5. **Network Signals** — Collaborators / investors / associates. 5-10 entries, ranked by relevance to hypothesis.
6. **Reputation Signals** — Sentiment from news, Glassdoor for companies, peer mentions for people. Caveat: reputation data is noisy.
7. **Red Flags + Hidden Patterns** — Litigation, regulatory actions, unusual departures, financial signals, reputation hits. Tiered.
8. **Conversation Hooks** — 3-5 specific hooks tied to findings. Each: hook + finding + suggested framing.
9. **Source Provenance + Audit Log** — Per-source list with tier. Search summary table (#, query, classification, sources returned, sources cited). Three counts + per-tier counts. Failed searches. BYOK-MCP usage flag.
### Styling
Arial 12pt body, navy headings (#1a3a5c), light blue table headers (#e8f0f8), red red-flag callout, green conversation-hook callout.
### Hyperlink patterns
```js
new ExternalHyperlink({
link: "https://...",
children: [new TextRun({ text: title, style: "Hyperlink" })],
});
```
## Phase 10: Deliver
- Save: `<output-dir>/dossier_<entity-slug>_<YYYY-MM-DD>.docx`
- Chat summary: file path + **verdict on hypothesis** + audit counts + tier breakdown + BYOK MCPs used (if any)
- Validate: check zip integrity with `python3 -c "import zipfile,sys; zipfile.ZipFile(sys.argv[1]).testzip()" <docx>` (no output = intact), then confirm the required sections are present
## Tooling
| Script | Role |
|---|---|
| `scripts/citation_tracker.py` | Three-count audit + supporting/disconfirming classification + source-tier tagging at `~/.dossier_sessions/<session>.json` |
| `scripts/disconfirming_evidence_balance.py` | Verifies ≥30% of search budget allocated to disconfirming queries; warns if biased |
| `scripts/source_tier_classifier.py` | URL → primary / secondary / tertiary classification via domain heuristics |
## References
- [`references/hypothesis_testing_discipline.md`](references/hypothesis_testing_discipline.md) — ≥30% rule + decision-grade vs encyclopedic (7+ sources)
- [`references/subject_type_source_matrix.md`](references/subject_type_source_matrix.md) — person/company/nonprofit/gov source matrices (7+ sources)
- [`references/conversation_hook_quality.md`](references/conversation_hook_quality.md) — finding-tied hook discipline (7+ sources)
## Error Handling
| Failure | Behavior |
|---|---|
| Subject name ambiguous | Refuse to proceed.

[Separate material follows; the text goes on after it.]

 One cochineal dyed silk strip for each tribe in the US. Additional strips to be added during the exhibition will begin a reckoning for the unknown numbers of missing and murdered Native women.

Re-ask Q1 with disambiguating identifier. |
| User refuses to state hypothesis | Push back once. If still refused, fall back to "what's the most surprising thing I could find?" implicit hypothesis. Flag in audit. |
| Subject has zero public footprint | Surface explicitly. Suggest different name or early-stage. Don't fabricate. |
| LinkedIn scrape blocked | Note in audit; fall back to WebSearch; suggest user verify manually. |
| SEC EDGAR fails | Retry once. If still failing, note "public filings not retrieved" and continue. |
| Sentiment data sparse | Mark reputation section as "limited public signal"; don't infer from training. |
| Sensitive topic surfaces (Q6 exclusion) | Exclude from DOCX. Note in chat (not in DOCX) so user knows the exclusion was honored. |
| 3 consecutive tool failures | Stop, alert user, share collected so far. |
| DOCX generation fails | Save raw data as JSON fallback. |
## Anti-Patterns To Reject
- Producing a dossier without forcing Q4 hypothesis
- Allocating <30% of search budget to disconfirming evidence
- Batching intake questions
- Accepting ambiguous subject names
- Generic conversation hooks ("ask about their roadmap")

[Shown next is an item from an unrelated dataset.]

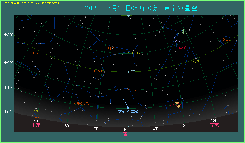 3日前、かんむり座のゲンマの真下に見えていたアイソン彗星は、かんむり座の左下まで位置を変えています。このところ動きが大きくなっているのは、12月27日に起こる地球との接近が近づいているからです。といっても明るさの方は、太陽からの距離が離れてきたため5.8等まで暗くなり、肉眼彗星とよばれるのもあとわずかです。クリスマスが近づく中、アイソン彗星を見送りましょう。

- Sensationalizing red flags (tier them, don't editorialize)
- Skipping the source-reliability tier on flags
- Fabricating coverage when LinkedIn or scraping is blocked
- Using BYOK-MCP data without flagging in audit log
- Including sensitive topics user excluded in Q6
- Confirmation-biased verdict ("SUPPORTED" without engaging with disconfirming evidence)
---
**Version:** 1.0.0
**Source spec:** [`megaprompts/12-dossier-megaprompt.md`](../../../../megaprompts/12-dossier-megaprompt.md)
**Build pattern:** Path B (direct conversion). Research-pack sibling, hypothesis-testing variant.